The recommendations from pain associations highlight some indication for the utilization of ketamine in complex regional pain, a persistent ailment that typically impacts the limbs. However, the specialists discovered that there is insufficient or inadequate proof supporting ketamine’s effectiveness in numerous other conditions, such as back pain, migraines, fibromyalgia, and cancer pain.

Although the exact science behind ketamine remains unclear, the profit model is straightforward: Medical professionals can buy ketamine for under $100 per vial and then bill patients $500 to $1,500 for each infusion.

The current surge has been driven, to some extent, by venture capitalists. Another group of consulting firms provide assistance to doctors in establishing new clinics.

A recent post on Ketamine Startup’s blog outlines “Five compelling reasons to consider opening a ketamine clinic,” such as “Desire for independence as a business owner” and “Desire to have greater control over income.”

Clinics are experiencing more competition from telehealth options, such as MindBloom and Joyous. These services link individuals seeking medical attention with doctors who can prescribe ketamine from a distance and have it delivered by mail.

In May, the government was planning to reverse the COVID-related policy that permitted the online prescription of dangerous drugs like ketamine and opioids. However, due to criticism from telehealth companies and doctors, the Drug Enforcement Administration has decided to continue the lenient approach until 2024.

According to Dr. Samuel Wilkinson, a psychiatrist at Yale University who prescribes Spravato and ketamine for depression, the current situation can be described as a “wild west.” In the United States, doctors have significant flexibility in prescribing medications for uses that have not been approved, or are off-label.

He stated that there are both positives and negatives regarding that situation.

At high concentrations, ketamine can lead to harm in the bladder, a condition often observed in individuals who use the substance for recreational purposes. However, there is limited understanding of the potential neurological repercussions of prolonged use. Recent research on rats has suggested a connection between ketamine and changes in brain structure, as reported by FDA regulators.

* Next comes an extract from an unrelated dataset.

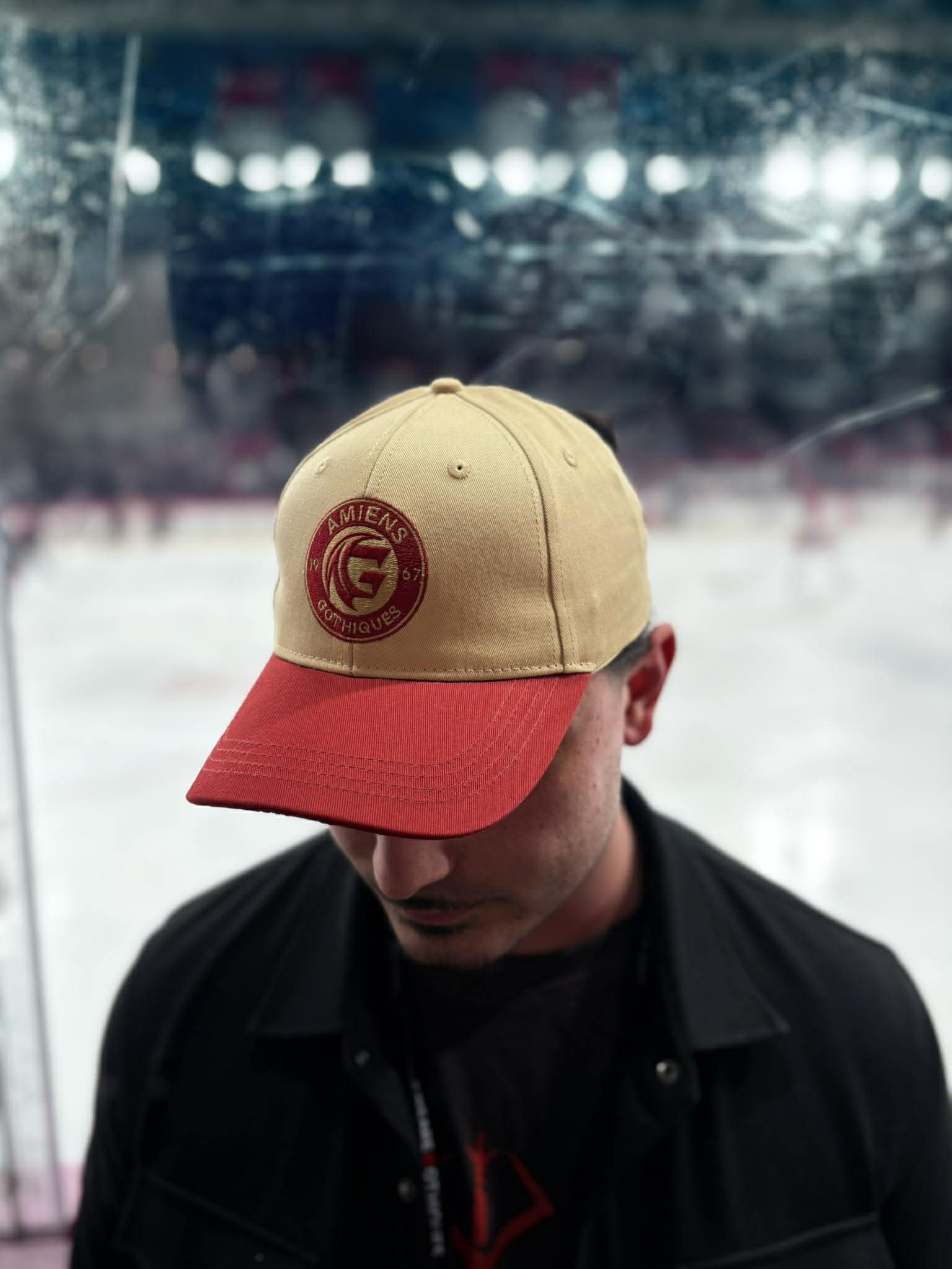 Casquette bicolore crème-rouge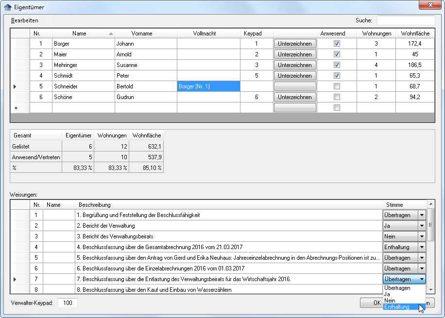 Neben der Beschlussnummer, dem Tag und der Uhrzeit der Abstimmung, sowie dem Tagesordnungsgegenstand, dem Quorum und den Gesamtergebnissen, wird (bei entsprechender Einstellung der Optionen im Setup) auch das individuelle Abstimmverhalten der einzelnen Eigentümer dokumentiert.

The FDA issued a cautionary statement to medical professionals and individuals about compounded forms of ketamine, such as lozenges and pills. The agency stated that it does not oversee the ingredients in these products and cannot guarantee their safety. This warning comes after a previous advisory in the previous year regarding nasal spray forms of ketamine.

However, the majority of compounding pharmacies are small businesses that are regulated by state authorities rather than the FDA.

In April, the Massachusetts pharmacy board acknowledged the FDA’s warning to local pharmacies, but stated that state authorities would not intervene to prevent the ongoing compounding and dispensing of ketamine nasal spray.

The FDA does not have much control over doctors who promote ketamine, even if they make exaggerated or false statements.

Pharmaceutical companies must adhere to stringent FDA guidelines when advertising their medications, including the need to provide a balanced presentation of both potential risks and benefits. However, these regulations do not extend to physicians.

Despite the FDA’s attempts to control dangerous in-office procedures, such as untested stem cell infusions, the organization has had varying success in legal battles.

Currently, professionals predict that regulators are unlikely to take any further action beyond their recent cautionary statements regarding the use of ketamine for off-label purposes.

According to Dr. Caleb Alexander, a drug safety researcher at Johns Hopkins University, there is a sense of playing whack-a-mole and it is outside the scope of their regulatory authority. He believes that these clinics would create another challenge for them to handle and resolve.